Check out the code on GitHub
The UK’s policy research landscape is made up of hundreds of organisations distinguished by their varying levels of research output, transparency and historical roots. Whilst Autonomy celebrated their 6th birthday earlier this year, several think tanks still operating in the UK trace their origins back to the 19th century. Faced with an ever growing number of research organisations generating a steady stream of publication, it is likely that our knowledge of many of these organisation is incomplete or out of date. Beyond the challenge of digesting an insurmountable volume of research, there is the more immediate difficulty in getting hold of all of the research an organisation has published. Searching for PDFs throughout the cavernous subpages of an organisation’s website is time consuming work. Furthermore if we would like to get metadata from publications like the authors, dates and subject matter, we are likely to encounter an infinite range of text formats.
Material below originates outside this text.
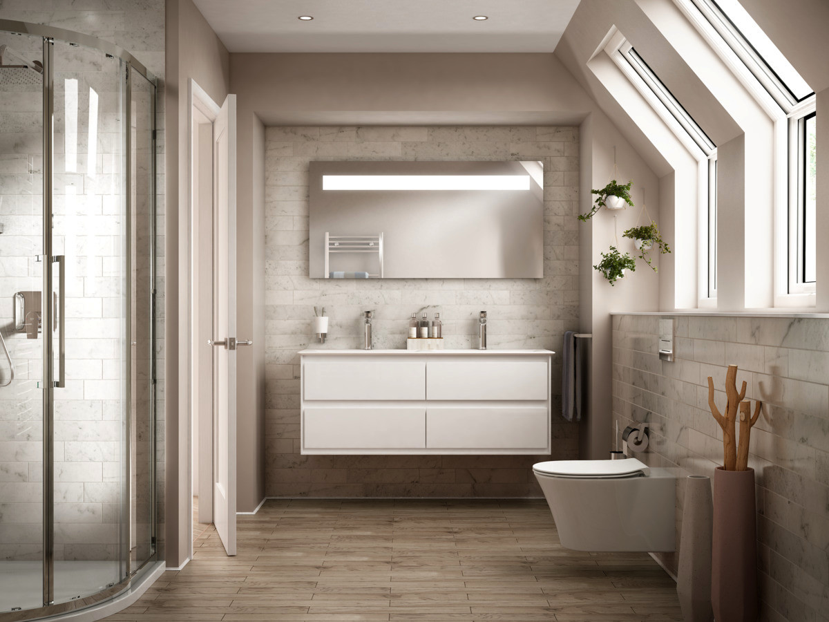 Ideal-Standard Doppelwaschtisch-Unterschrank Connect Air 4 Auszüge, 130 x 44 x 51,7 cm, weiß glänzend/weiß matt
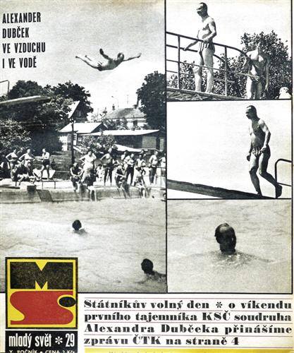 В самом 1968 году возникают образы с политическим содержанием, которые совершенно не основаны на неких утверждениях или политических заявлениях, а чисто визуальные. Например, одним из самых сильных таких образов "Пражской весны", как мне кажется, является генеральный секретарь Коммунистической партии Чехословакии Александр Дубчек в плавках, который на досуге идет купаться, прыгает с вышки, и с ним купается народ. Политбюро – это общественное место, и фотодокументация этого события попадает на обложку журнала "Младый свет", в переводе на русский "Молодой мир", очень популярный журнал того времени. И весь народ видит своего генсека в плавках, который улыбается своей незабываемой улыбкой. Это становится образом, который гораздо мощнее самих заявлений Политбюро.

To address some of these challenges we’ve developed Pubcrawler a simple flexible tool that applies webscraping to pull all the publications from an organisation’s website and then categorise them with LLMs. In this post we will demonstrate how the tool can automate the gathering of intel in a few simple steps, starting with an organisation’s url as input.
1. Crawl
We begin by providing ‘Pubcrawler’ with the url of the organisation we want to investigate. For testing purposes we decided to embark on the meta project of investigating our own organisation and so https://autonomy.work/
is the input. Using Selenium the tool will recursively crawl through every subpage that eventually links back to the Autonomy landing page, whilst saving the location of each PDF publication it spots along the way:
Crawling through the nearly 1000 subpages on the Autonomy site completed in less than an hour:
2. Publications
After navigating through the entire site, 190 PDF files were found. Before opening the files we assume that most of these PDFs were written by Autonomy whilst some will come from other organisations. The next stage requires downloading as many of the found files as possible using Selenium. Due to the presence of some links that no longer exist, only 170 publications could be successfully downloaded.
4. Visualisation
With GPT-4 we have generated structured metadata for each downloaded PDF that can be plugged into data visualisations. GPT-4 was prompted to return a list of authors for each publication and so we can easily visualise the most common occurances. Its unsurprising to find Autonomy’s founders and researchers make up the top 6 most cited authors:
The same approach can be followed to visualise Autonomy’s most frequent funders and institutional collaborators (usually in the form of co-authors). GPT-4 has been broadly successful in differentiating between these two fuzzy classes of organisation. This metadata could be prove useful in connecting research organisations together and sketching how wider political projects are funded:
The presence of keywords within text can indicate which policy areas are of greatest interest to an organisation. Whilst the following results are quite general and unsurprising in Autonomy’s case given that the organisation is focussed on the future of work, it can be useful to compare the most common keywords with the stated aims of an organisation for misalignment:
Temporal data can help us chart the peaks and troughs in research output over time:
Where the month of publication is mentioned we can generate a more granular map:
It is also possible to explore how collaborative an organisation is through investigating instances of co-authorship. The following plot shows which authors found in Autonomy’s reports have collaborated together, represented by an edge connecting them. Everytime two authors are found in the same citation we count this as a single collaboration. Edge weight represents the number of times the authors have collaborated:
5. Conclusion
In this brief post we’ve demonstrated the automated search and retrieval of an organisation’s publication archive from ~1000 webpages in less than hour. LLMs can process these large collections of documents producing rich metadata to power useful visualisations. We continue to find the possibilities of combining web scraping and LLMs exciting as they allow us to build highly versatile information retrieval systems that easily overcome the nuances of heterogeneous web design and file formats. We look forward to testing ‘Pubcrawling’ on a much wider set of organisations and expanding the kinds of metadata we retrieve.